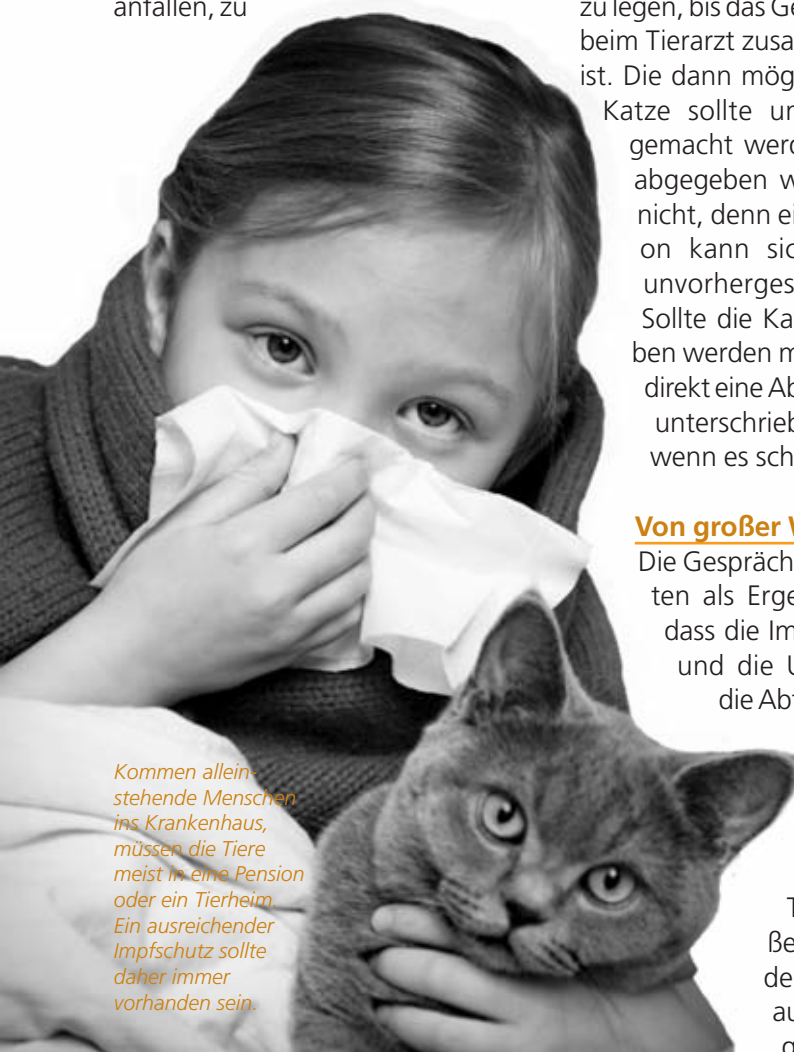
Kommen allein stehende Menschen ins Krankenhaus, müssen die Tiere meist in eine Pension oder ein Tierheim. Ein ausreichender Impfschutz sollte daher immer vorhanden sein.

Ansparen von Geld bei sowieso schon äußerst knapp bemessenem Taschengeld bezieht sich nicht nur auf die in der Wichtigkeitsskala an erster Stelle stehende notwendige Impfung, sondern auch auf die genauso dringliche Kastration der Katzen, da erstaunlich viele Wohnungskatzen – auch Kater – nicht kastriert sind, das für Bezieher von Taschengeld fast unmögliche tierärztliche Behandeln von Krankheiten usw. Aber diese Probleme sollten in einer anderen Gesprächsrunde erörtert werden, denn wesentlich bei dieser ersten Gesprächsrunde war die Sensibilisierung für die wechselseitigen und doch recht unterschiedlichen Standpunkte der Beteiligten. Hier die o.a. Lösungsansätze zu finden und einen Blick „hinter die Kulissen“ des jeweils anderen zu werfen, ist schon ein großer Erfolg. Alle waren sich jedenfalls einig, dass die Gesprächsrunde fortgesetzt werden sollte.
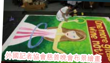
外國記者協會慈善晚會布景繪畫
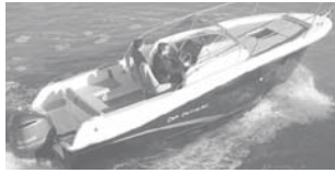
Cap Camarat 7.5 WA
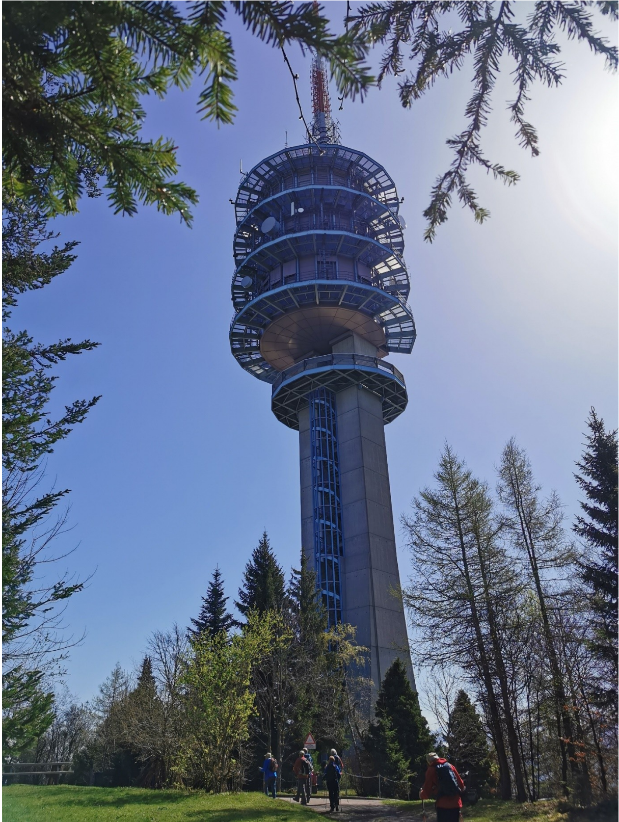
Tour Gibloux alt. 1205 m - 185 marches jusqu'au 1 er étage
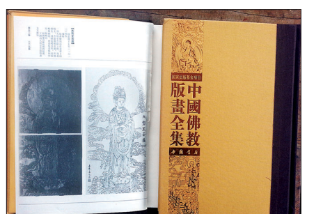
cm인 대형이다. 전집은 한화 2천만원에 육박하는 고판화 사상 중국 역대 최대 규모의 출판으로 꼽힌다.

고판화박물관(관장 한선학)은 5월 13일 베이징 고궁박물관 도서관장이며 중국 판화의 권위자인 원리엔시(翁連溪)가 주관한 <중국불교판화전집>에 원주 명주사 고판화박물관이 소장한 중국판화 100여점이 수록됐다.
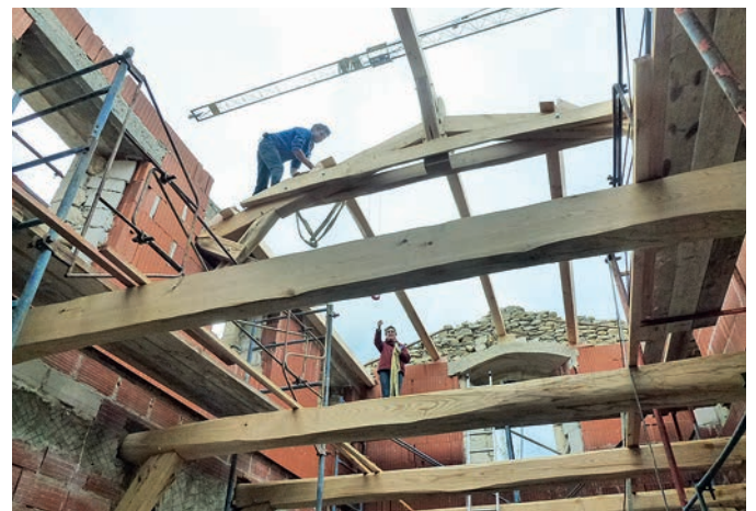
La magnifique charpente en chêne et châtaignier de la future bibliothèque de St. Hippolyte.
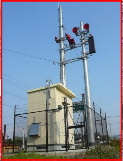
藤波ダム 警報局舎
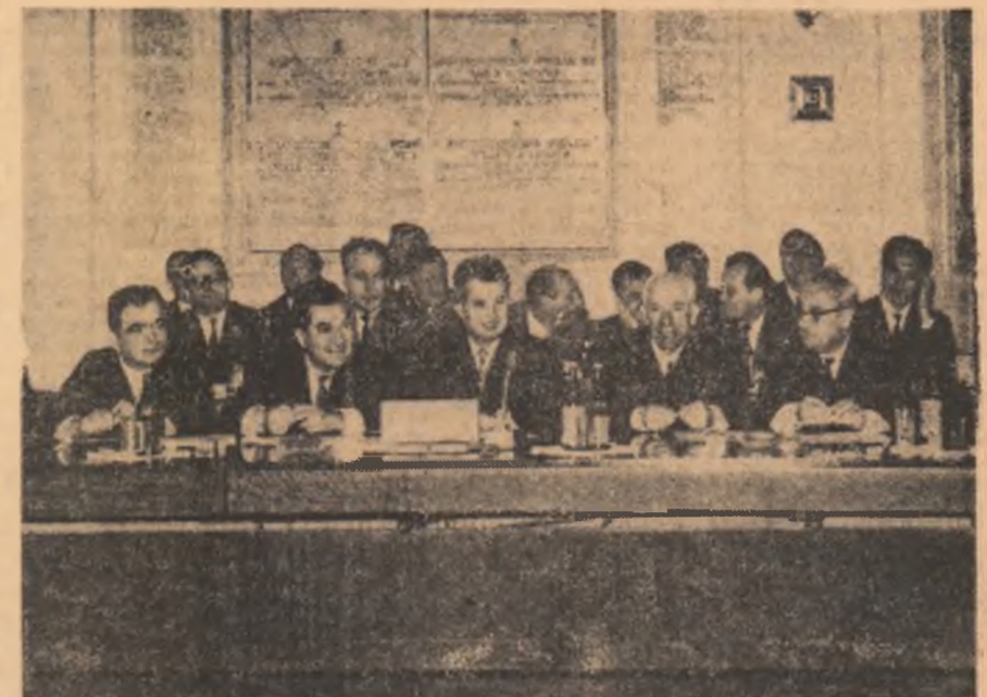
Delegația Partidului Comunist Român, condusă de tovarășul Nicolae Ceaușescu, în timpul lucrărilor Consătăririi
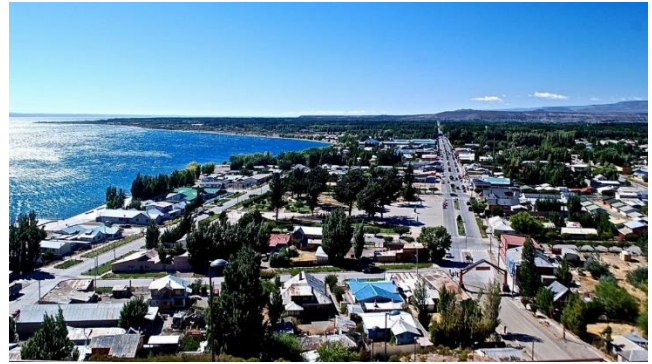
Chile Chico.

Capital provincial y comunal. El pueblo se ubica a orillas del gran lago General Carrera y muy cerca de la frontera con Argentina, casi contiguo a la localidad argentina de Los Antiguos. En Chile Chico existe un microclima muy soleado y de temperaturas invernales atemperadas por el gran cuerpo de agua, lo cual permite cultivar muchas de las especies que también se producen en la zona central de Chile, pero logrando hacer solo aquí en todo el sur chileno. Se originó gracias a un grupo de colonos que entraron por Argentina en 1909, país del cual dependió para su abastecimiento hasta 1952, año en que se abrió el camino entre Coyhaique y Puerto Ingeniero Ibáñez (Servicio Nacional de Turismo, 2012).
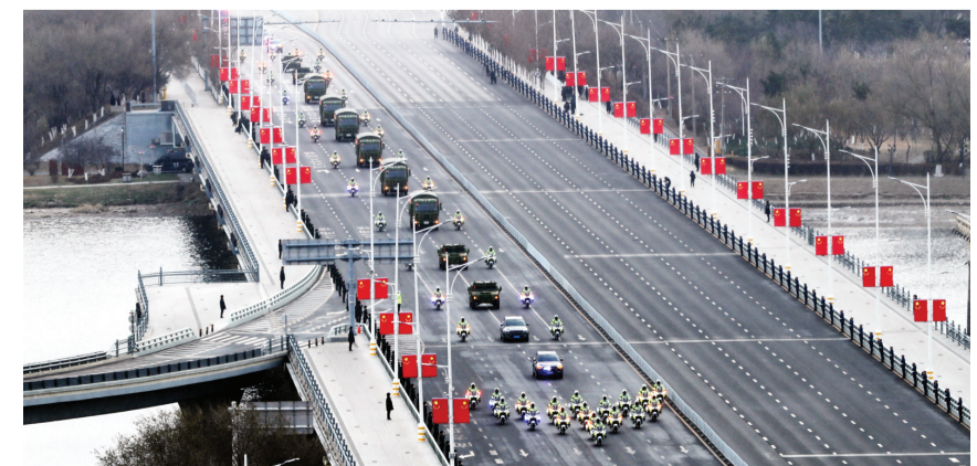
运送志愿军烈士遗骸的车队经过沈阳青年大街。
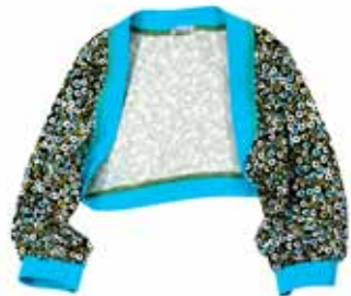
Bolerko | Bolero EARN 20.71013.0258
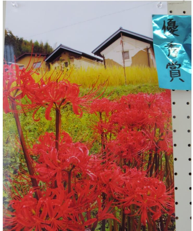
『古い蔵とヒガンバナ』井浦弘晃
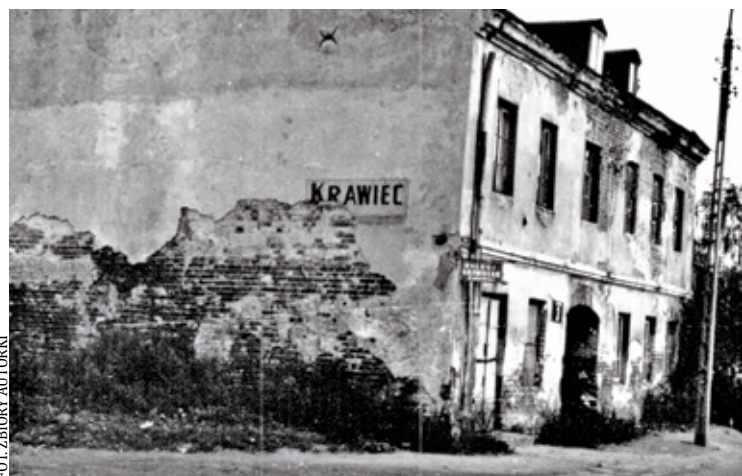
Dom, gdzie była pracownia krawiecka pana Zalewskiego

cza, Kościuszki, skręcałam w krótką ul. Żabią, wychodziłam na ul. Kilińskiego. A potem marsz ulicą Gruzową i w końcu dochodziłam do pięknego, nowego budynku przedszkola przy ul. Kauna. Musiałam się tej trasy nauczyć na pamięć już w wieku 5 lat, na wypadek gdybym się zgubiła w „wielkim mieście” i ktoś mnie zapyta o to dokąd zmierzam, to powinnam mu wyrecytować dokąd.
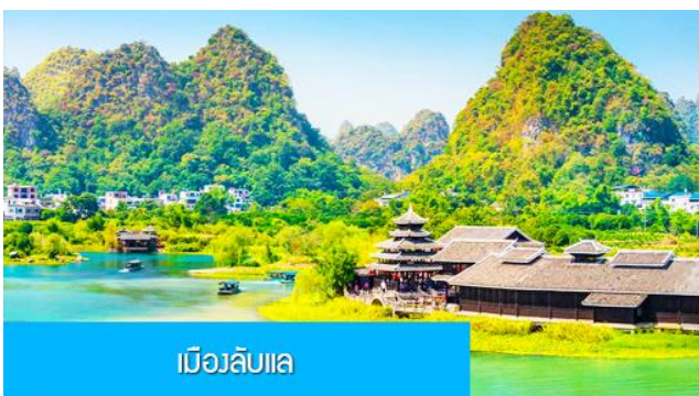
เมืองลับแล

พักที่ YANGSHUO ELITE GARDEN HOTEL ระดับ 4 ดาว ท้องถิ่นหรือเทียบเท่าใน เมืองหยางชว่
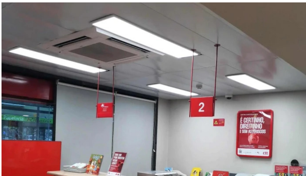
Loja ctt correios
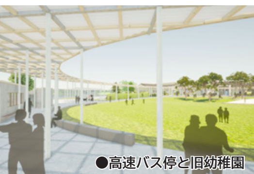
●高速バス停と旧幼稚園
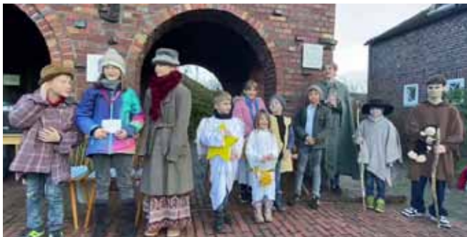
24.12. Krippenspiel Kreuzkirche
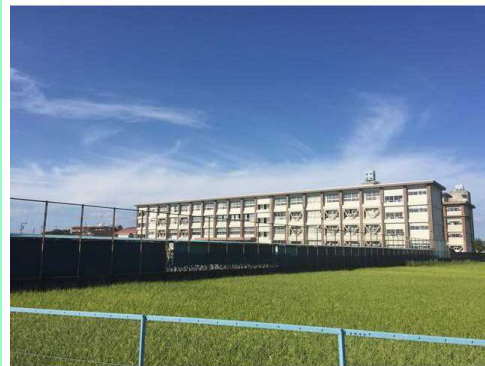
一宮市立千秋中学校
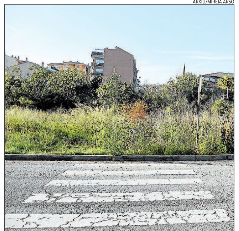
Solar davant del Pius Font i Quer, entre la Pau i el Camí Vell de Santpedor

A part dels recursos humans i tècnics, el nou edifici incorporarà la tecnologia com a eina per millorar la qualitat de vida.
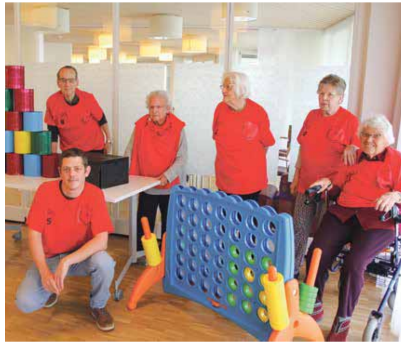
Bereit für die Olympiade – das Team vom Zentrum Alter Worb
- - -
Give back exactly the lines from the top of the records to the line containing "Chile Chico.", both included, and no pictures.

Kommen allein stehende Menschen ins Krankenhaus, müssen die Tiere meist in eine Pension oder ein Tierheim. Ein ausreichender Impfschutz sollte daher immer vorhanden sein.

Ansparen von Geld bei sowieso schon äußerst knapp bemessenem Taschengeld bezieht sich nicht nur auf die in der Wichtigkeitsskala an erster Stelle stehende notwendige Impfung, sondern auch auf die genauso dringliche Kastration der Katzen, da erstaunlich viele Wohnungskatzen – auch Kater – nicht kastriert sind, das für Bezieher von Taschengeld fast unmögliche tierärztliche Behandeln von Krankheiten usw. Aber diese Probleme sollten in einer anderen Gesprächsrunde erörtert werden, denn wesentlich bei dieser ersten Gesprächsrunde war die Sensibilisierung für die wechselseitigen und doch recht unterschiedlichen Standpunkte der Beteiligten. Hier die o.a. Lösungsansätze zu finden und einen Blick „hinter die Kulissen“ des jeweils anderen zu werfen, ist schon ein großer Erfolg. Alle waren sich jedenfalls einig, dass die Gesprächsrunde fortgesetzt werden sollte.
外國記者協會慈善晚會布景繪畫
Cap Camarat 7.5 WA
Tour Gibloux alt. 1205 m - 185 marches jusqu'au 1 er étage
cm인 대형이다. 전집은 한화 2천만원에 육박하는 고판화 사상 중국 역대 최대 규모의 출판으로 꼽힌다.

고판화박물관(관장 한선학)은 5월 13일 베이징 고궁박물관 도서관장이며 중국 판화의 권위자인 원리엔시(翁連溪)가 주관한 <중국불교판화전집>에 원주 명주사 고판화박물관이 소장한 중국판화 100여점이 수록됐다.
La magnifique charpente en chêne et châtaignier de la future bibliothèque de St. Hippolyte.
藤波ダム 警報局舎
Delegația Partidului Comunist Român, condusă de tovarășul Nicolae Ceaușescu, în timpul lucrărilor Consătăririi
Chile Chico.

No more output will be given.